By Andrew Kelly, a WOLF STREET reader:
It’s interesting how we Wolf Street intellectuals want to practice non-attachment, and then wind up buying gold. It cost me 3 days of fussing around, driving in city traffic, privately freaking out about legal commitments, and asking friends for advice. I took notes about everything. Here is what I learned about Buying Gold, and maybe this experience will be useful to you too.
Buy small units of gold, not big bars. A Jewish lady once told a friend (who told me) that she escaped from 1940’s war-torn Europe by slipping little gold wafers to border guards and officials to escape the country. No one wants to redeem a big pile of metal, it seems.
There is no “discovery price,” or true value, of gold. The “spot gold” price that you see posted on the internet is a theoretical value. A gold dealer has many considerations to determine a sale price.

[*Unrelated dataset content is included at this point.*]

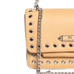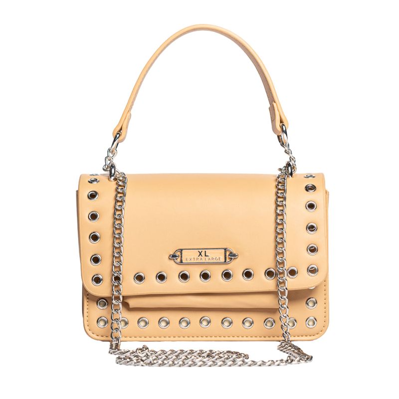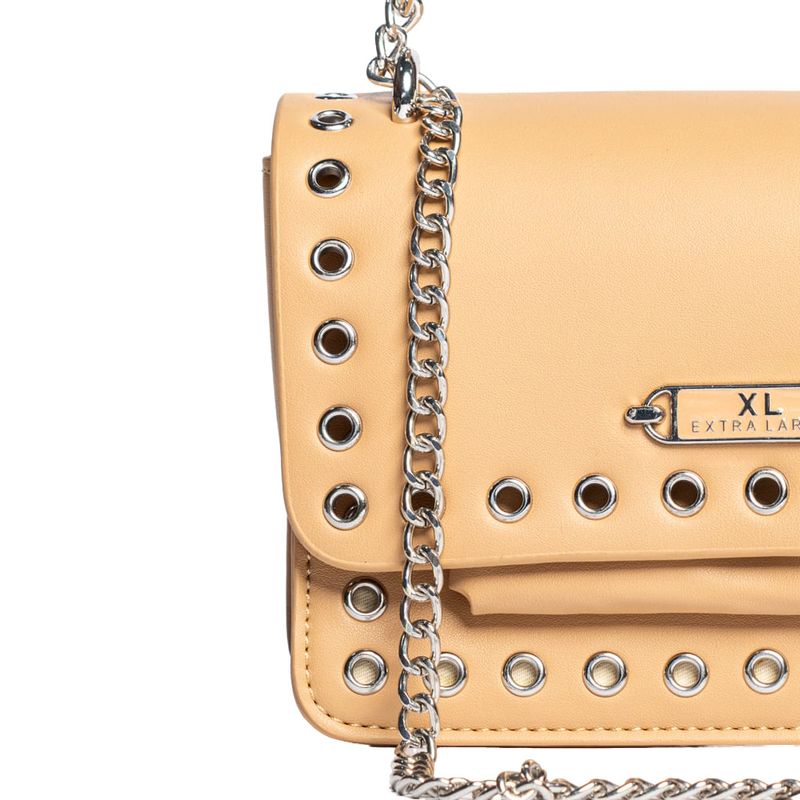 Diseñada en material símil cuero, se distingue por sus apliques metálicos tipo ojal en el frente y tapa, más una correa de cadena que aporta un aire urbano y sofisticado.

There is no true “premium” or “commission” that a dealer charges for you to buy gold. A gold dealer has to think long term. They pay a charge to convert currencies (for Canadian buyers), and they pay money to ship, store, and secure real gold for their customers, so they have to add service costs. I calculated what the commission was after I chose to buy from a local Vancouver coin and jewelry dealer. They charged me roughly 3%. This compared very favorably with a Canadian bank, which was prepared to charge me over 6%.
Don’t trust banks. None of them. Banks obviously don’t want to deal in gold currency when they have more profitable “market funds” for their own arrangements. Banks will not give useful information about their costs or margins to their own employees, let alone Joe Public, so it’s better to find a brick-and-mortar store for purchases.
A business adviser once wrote that investors should not invest in a company with quick profits, but rather, one should invest in a business with stable, long term managers. The coin and jewellery store I used has been in business for 40 years, and the clerk has worked there over five years. They may not look flashy, these old guys, but you can trust them.
Jewelers are real people, and it helps to ask questions to get a conversation going. Jewelers also have a cool X-ray machine which measures the metal content of coins or bars. I insisted on testing three sample gold-wafers from the goods I bought. Gold has to be removed from the tight, plastic wrappers with no knife marks or scratches, because the jewelers will mark down the value if you redeem the gold and it’s damaged. My samples all read 100% au (gold) without the wrap. By the end of three visits, with the bank draft cleared, and the gold inspected, the clerk graciously accompanied me to the parking lot for safety. Now I can watch the internet spot price and practice non-attachment if the price goes down!
My gold buying experience was almost entirely trial-and-error, and cost a great deal of emotional upheaval, but I hope Wolf Street readers will be a little wiser after reading this. By Andrew Kelly, a WOLF STREET reader.